Have you ever considered what's behind artificial intelligence? Have you ever stopped to consider what is behind an algorithm? If you ever asked yourself these questions, Weapons of Math Destruction is the book for you. Cathy O'Neil goes through the abilities and the limits of the algorithms that accompany us throughout our days.

Takeaways: 

Humans in the data economy are outliers and throwbacks. The systems are built to run automatically as much as possible. That’s the efficient way; that’s where the profits are. Errors are inevitable, as in any statistical program, but the quickest way to reduce them is to fine-tune the algorithms running the machines

Google processed images of a trio of happy young African Americans and its automatic photo-tagging service labelled them as gorillas. The company apologized profusely, but in systems like Google’s, errors are inevitable.

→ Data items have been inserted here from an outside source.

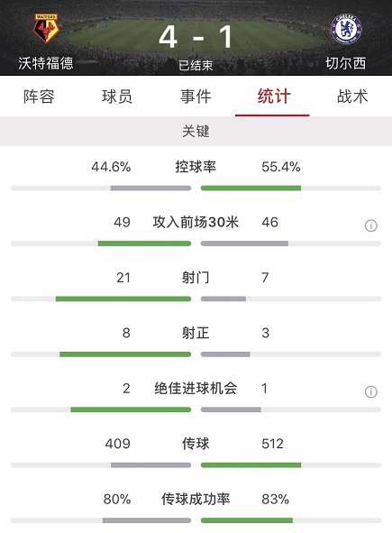 最终全场比赛结束,切尔西客场1-4不敌沃特福德。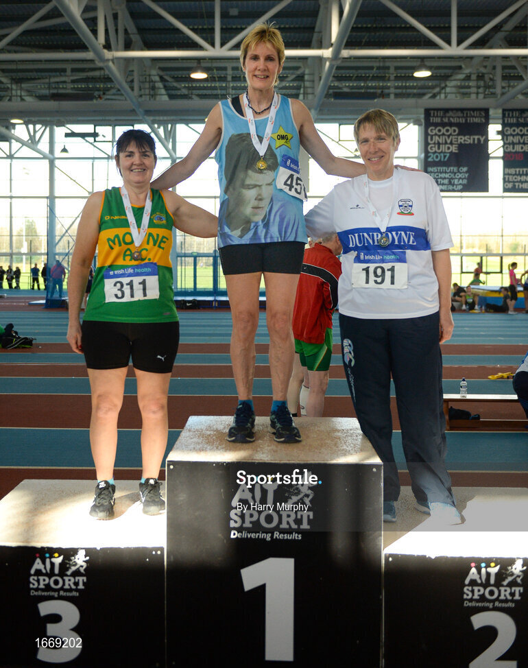 10 March 2019; Tina Gallagher of OMG A.C., first, Helen Lonergan of Dunboyne A.C., second, and Liz Power of Moyne A.C., third, after competing in the 60m during the Irish Life Health Masters Indoors Championships at AIT in Athlone, Co Westmeath. Photo by Harry Murphy/Sportsfile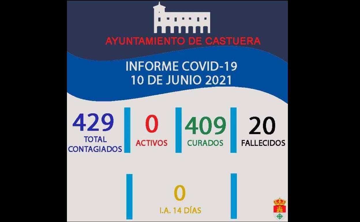 En el conjunto de la región, el jueves 10 de junio se comunicaron 41 casos positivos de COVID-19 confirmados. En los hospitales extremeños hay ingresadas 29 personas, 5 de ellas en UCI. En esta jornada no hay que lamentar fallecidos, por lo que el total de víctimas es de 1.766 desde el inicio de la pandemia. Se han dado 34 altas, lo que equivale a un total de 75.074 altas. La incidencia acumulada (IA) a 14 días en la región se sitúa en 67,62 y a los 7 días en 32,69.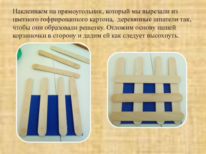 Наклеиваем на прямоугольник, который мы вырезали из цветного гофрированного картона, деревянные шпатели так, чтобы они образовали решетку.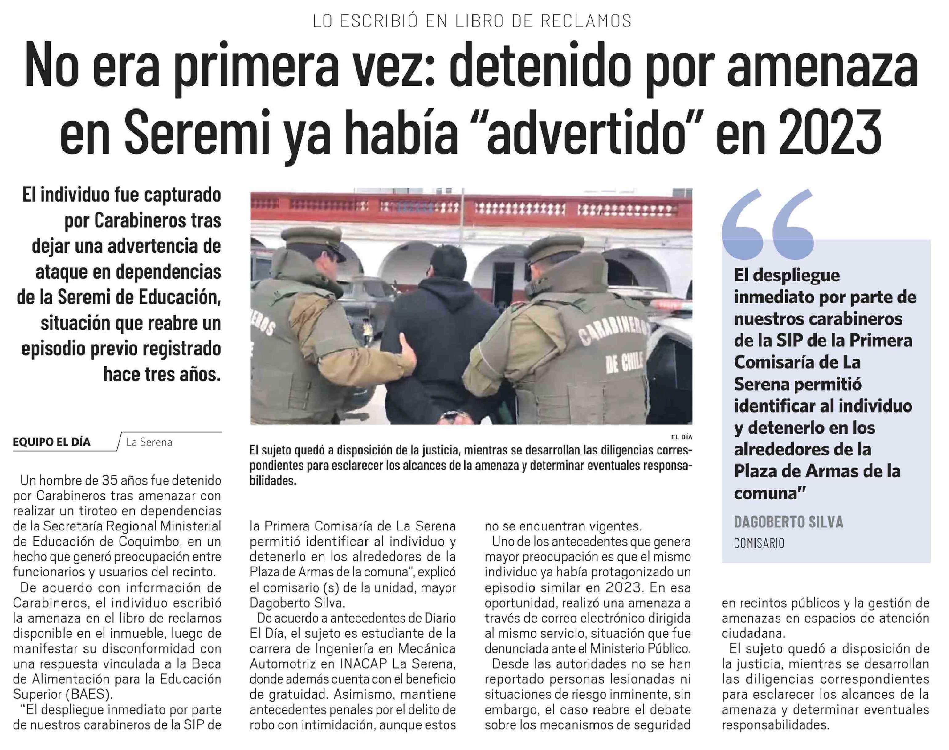 | Título: | No era primera vez: detenido por amenaza en Seremi ya había "advertido" en 2023 |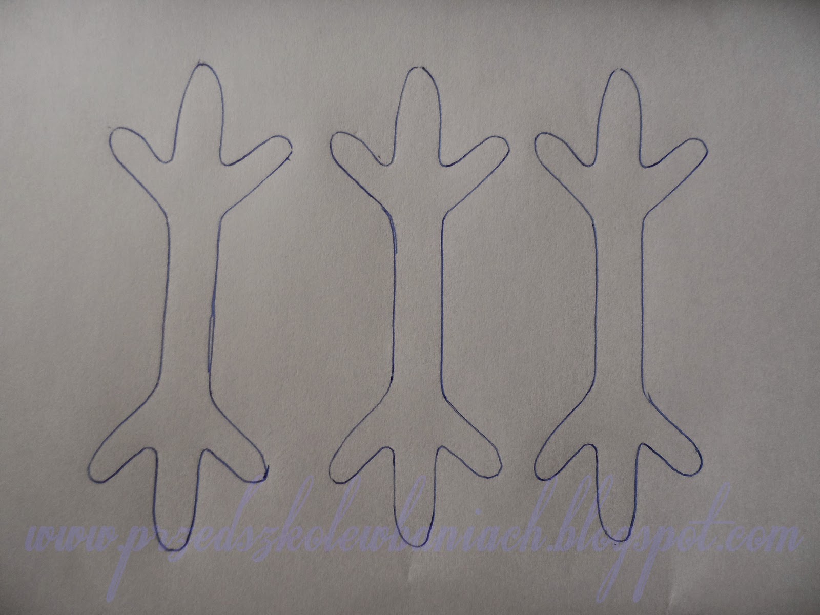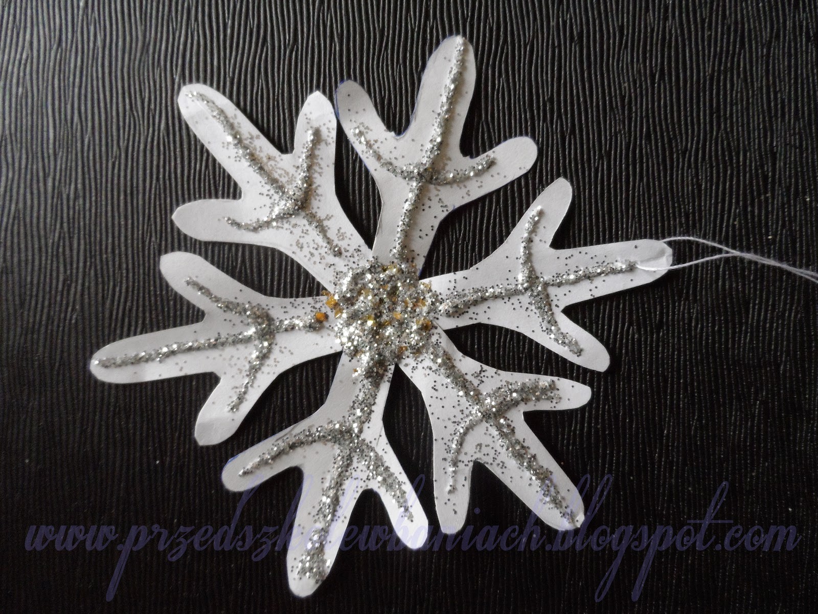 Na białych kartkach obrysowaliśmy trzykrotnie szablon (element śnieżynki). Starannie wycięliśmy te elementy po śladzie i skleiliśmy wszystkie trzy na środku formując śnieżynkę. Śniegowy płatek ozdobiliśmy brokatem, żeby pięknie błyszczał i zawiesiliśmy na gałązce pod sufitem. Gotowe.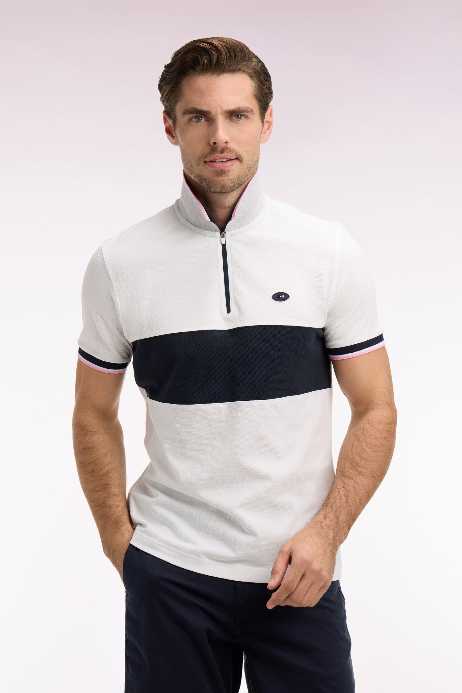 Craquez pour ce polo XV de France disponible en marine ou en blanc. Avec ses bordures de manches et de col tricolores marine, blanche et rose, son dessous de col chiné et sa large bande contrastée sur la poitrine, ce modèle allie élégance sport chic et dynamisme. Détail unique : ce polo ne s'agrémente pas d'une patte de boutonnage mais d'un zip soigné pour une allure plus urbaine.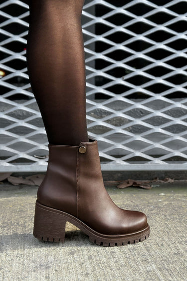 Sheron Acı Kahve Deri Topuklu Kadın Bot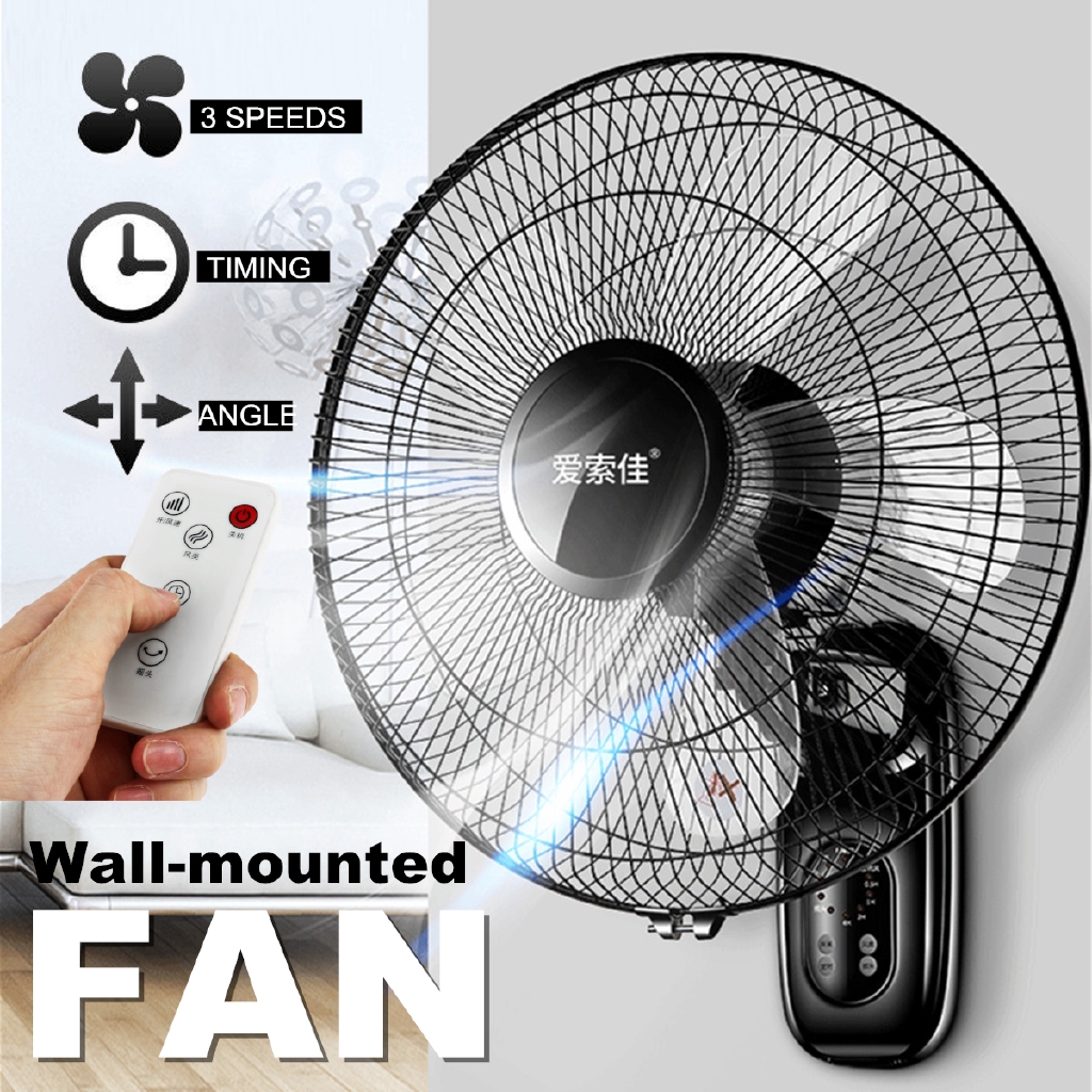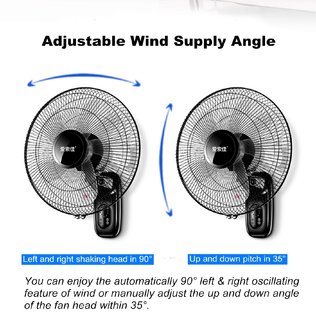 Timer + Remote 220V 3 Gears Oscillating Wall Mounted Adjustable Fan Home Cooling

Such mistakes are learning opportunities—as long as the system receives feedback on the error.

Social media and the News

“When your friends deliver the newspaper,” said Lada Adamic, a computational social scientist at Facebook, “interesting things happen.” Of course, it wasn’t really the friends delivering the newspaper, but Facebook itself. You might argue that newspapers have exerted similar power for eons. Editors pick the front-page news and decide how to characterize it.

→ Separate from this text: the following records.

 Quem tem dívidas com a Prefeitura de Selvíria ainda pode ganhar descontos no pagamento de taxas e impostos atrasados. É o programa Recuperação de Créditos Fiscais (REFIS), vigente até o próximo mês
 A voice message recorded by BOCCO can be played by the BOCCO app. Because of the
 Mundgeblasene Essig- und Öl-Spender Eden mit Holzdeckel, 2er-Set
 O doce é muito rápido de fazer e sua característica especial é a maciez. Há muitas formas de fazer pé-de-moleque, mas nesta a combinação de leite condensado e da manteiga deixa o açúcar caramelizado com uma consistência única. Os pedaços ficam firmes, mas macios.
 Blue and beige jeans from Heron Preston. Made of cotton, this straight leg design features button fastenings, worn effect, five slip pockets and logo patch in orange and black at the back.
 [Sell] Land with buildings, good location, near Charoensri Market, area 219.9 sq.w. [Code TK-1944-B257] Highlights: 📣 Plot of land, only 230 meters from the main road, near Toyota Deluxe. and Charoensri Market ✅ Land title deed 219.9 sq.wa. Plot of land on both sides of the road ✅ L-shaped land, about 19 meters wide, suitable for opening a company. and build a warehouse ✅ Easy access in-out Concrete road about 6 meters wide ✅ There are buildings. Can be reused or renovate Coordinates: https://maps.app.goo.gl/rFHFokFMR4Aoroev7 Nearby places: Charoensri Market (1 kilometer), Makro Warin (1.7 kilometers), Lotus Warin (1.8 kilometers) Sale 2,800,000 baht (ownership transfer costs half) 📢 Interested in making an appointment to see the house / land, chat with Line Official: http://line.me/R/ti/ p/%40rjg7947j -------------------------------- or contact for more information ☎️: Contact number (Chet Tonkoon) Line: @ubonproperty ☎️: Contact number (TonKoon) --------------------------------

But when the New York Times or CNN covers a story, everyone sees it. Their editorial decision is clear.

Facebook’s algorithms can affect how millions of people feel, and those people won’t know that it’s happening.

Big Data's Limits

Big Data processes codify the past. They do not invent the future. Doing that requires moral imagination, and that’s something only humans can provide.

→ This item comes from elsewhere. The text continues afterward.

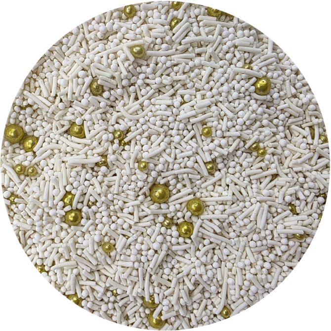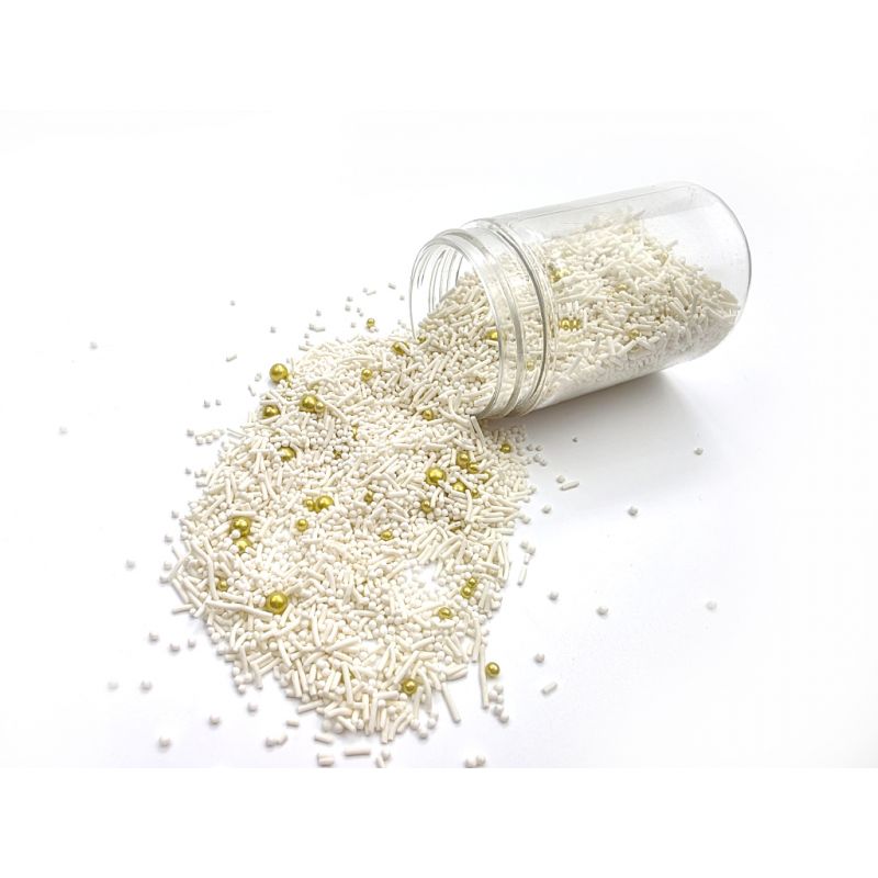 Svatební rej to je mix bílých tyčinek a zlatých perliček, které můžete použít na zdobení svatebních dortů, dezertů, cupcakes, pops cake lízátek a dalších dezertů na svatební hostinu. Jedinečné prvky udělají z každého dezertu středem pozornosti. Jsou považovány za hlavní dekorativní prvky mnoha pečiva a dalších dezertů. Jsou okouzlující a decentní na pohled a zároveň dělají obrovský dojem. Mají tvrdou strukturu a nerozpouštějí se ve zmrzlině ani ve šlehačce. Posypky jsou baleny v praktické nádobě pro snadné dávkování a skladování. Skladujte na chladném a suchém místě mimo dosah slunečního záření. Pokud zdobení nasypete na vláčný krém, vlhkost z něj může posypek změkčit. Ale pozor, pokud bude zdobení na vlhkém krému delší dobu, může se z posypku uvolnit i barvivo a to na povrch krému. Pokud chcete, aby větší části dekorace drželi například na potahovém dortu, můžete tento druh zdobení k dortům lepit polotuhou čokoládou, nebo glazurou na perníčky. s posypky pracujte nejlépe nad miskou, či plechem s okrajem.

Following the market crash of 2008, two financial engineers, Emanuel Derman and Paul Wilmott, drew up such an oath. It reads:
~ I will remember that I didn’t make the world, and it doesn’t satisfy my equations.
~ Though I will use models boldly to estimate value, I will not be overly impressed by mathematics.
~ I will never sacrifice reality for elegance without explaining why I have done so.
~ Nor will I give the people who use my model false comfort about its accuracy. Instead, I will make explicit its assumptions and oversights.
~ I understand that my work may have enormous effects on society and the economy, many of them beyond my comprehension.